_Task requirements_
Restate all entries exactly. Skip the images.

_Records_
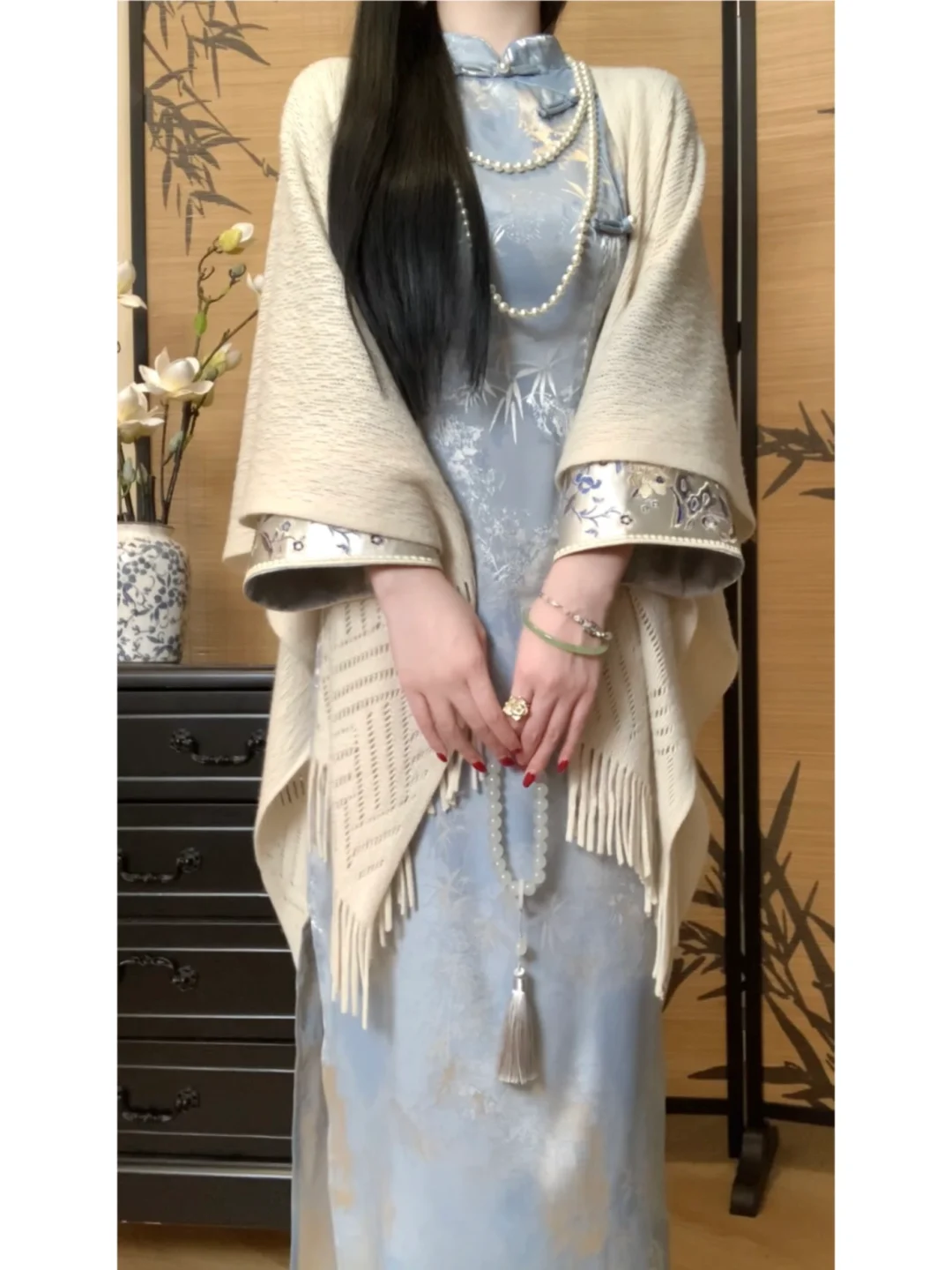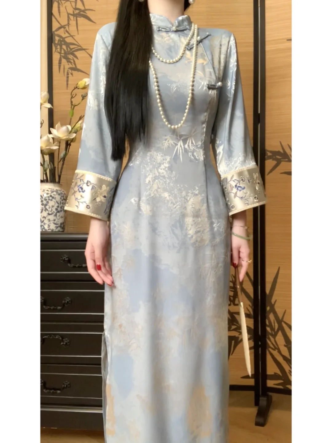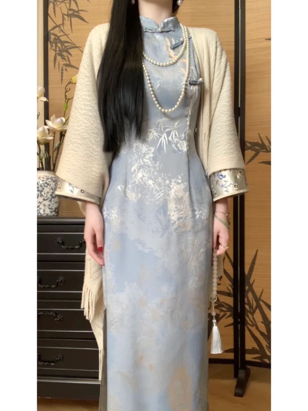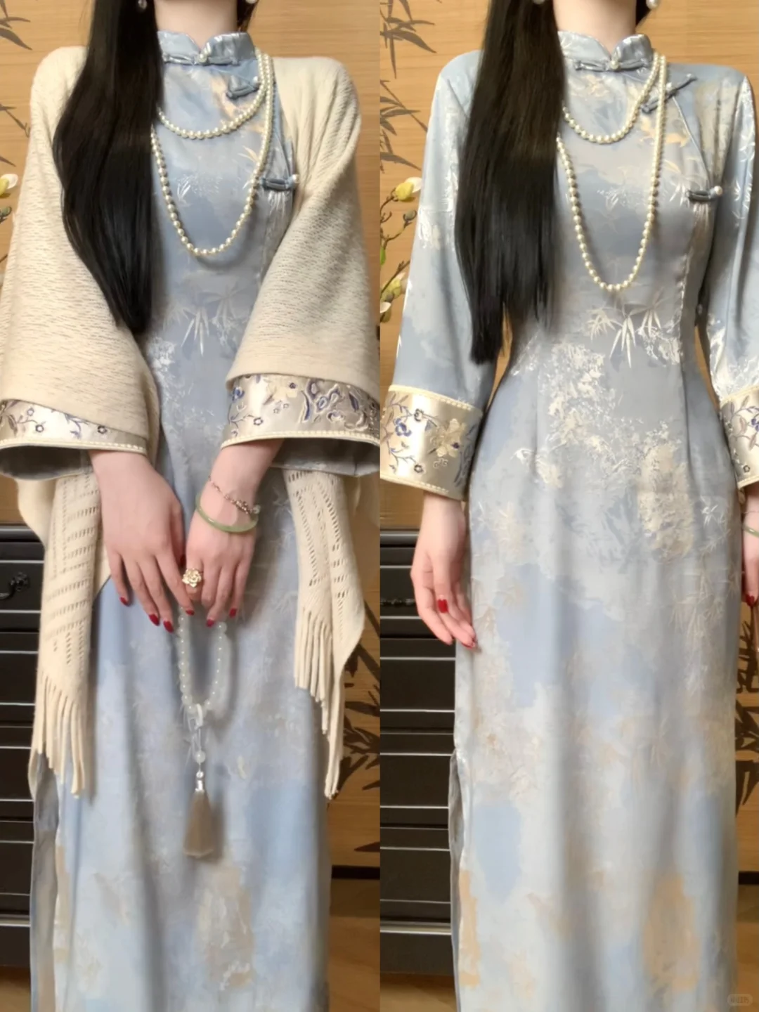 上身非常清冷大小姐的一款秋季长袖旗袍\n蓝色系真的清冷有气质,整个人书香感还很浓郁\n日常穿搭随便背个单肩包穿个小白鞋就很休闲\n拍照打卡的姐妹搭个披肩拿个小扇子又非常古典优雅感\n这个也是去年超超超热销的原创自制款,不撞衫又小众\n大家看看有没有没有买到的,再给大家补一批呢?\n
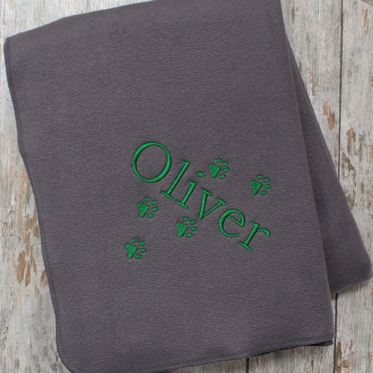 Personalised cosy pet blanket with embroidered pawprints and name of your choice that can be especia..
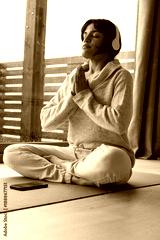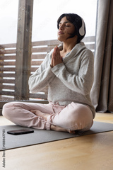 Adult asian woman meditating on yoga mat by glass door with smartphone and headphones
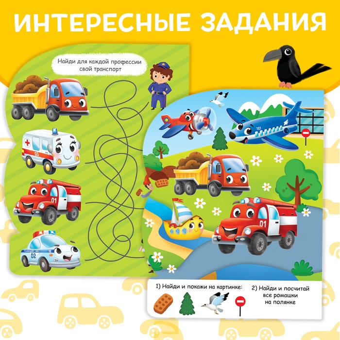 Книга выполнена из плотного картона. Внутри есть 4 страницы для раскрашивания. Во время рисования малыш будет выполнять интересные задания из книжки и выучит разные виды транспорта.
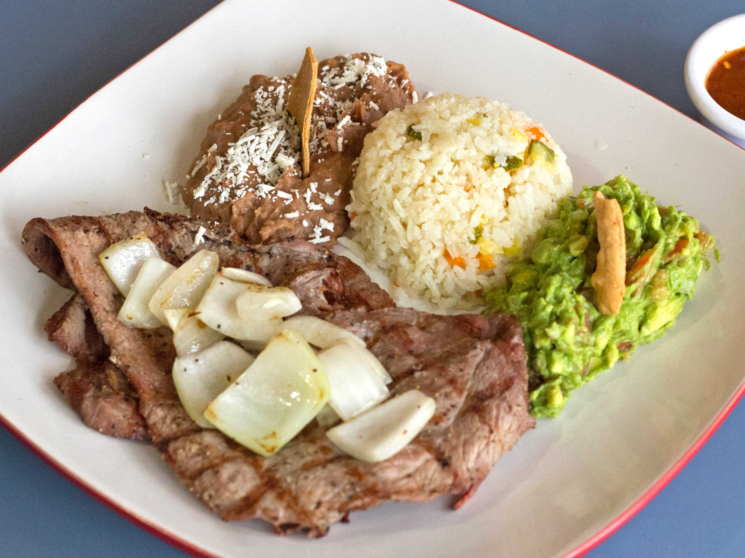 Acompañado de frijol y arroz, guacamole y cebollas asadas.

_Answer to this problem_
 上身非常清冷大小姐的一款秋季长袖旗袍\n蓝色系真的清冷有气质,整个人书香感还很浓郁\n日常穿搭随便背个单肩包穿个小白鞋就很休闲\n拍照打卡的姐妹搭个披肩拿个小扇子又非常古典优雅感\n这个也是去年超超超热销的原创自制款,不撞衫又小众\n大家看看有没有没有买到的,再给大家补一批呢?\n
 Personalised cosy pet blanket with embroidered pawprints and name of your choice that can be especia..
 Adult asian woman meditating on yoga mat by glass door with smartphone and headphones
 Книга выполнена из плотного картона. Внутри есть 4 страницы для раскрашивания. Во время рисования малыш будет выполнять интересные задания из книжки и выучит разные виды транспорта.
 Acompañado de frijol y arroz, guacamole y cebollas asadas.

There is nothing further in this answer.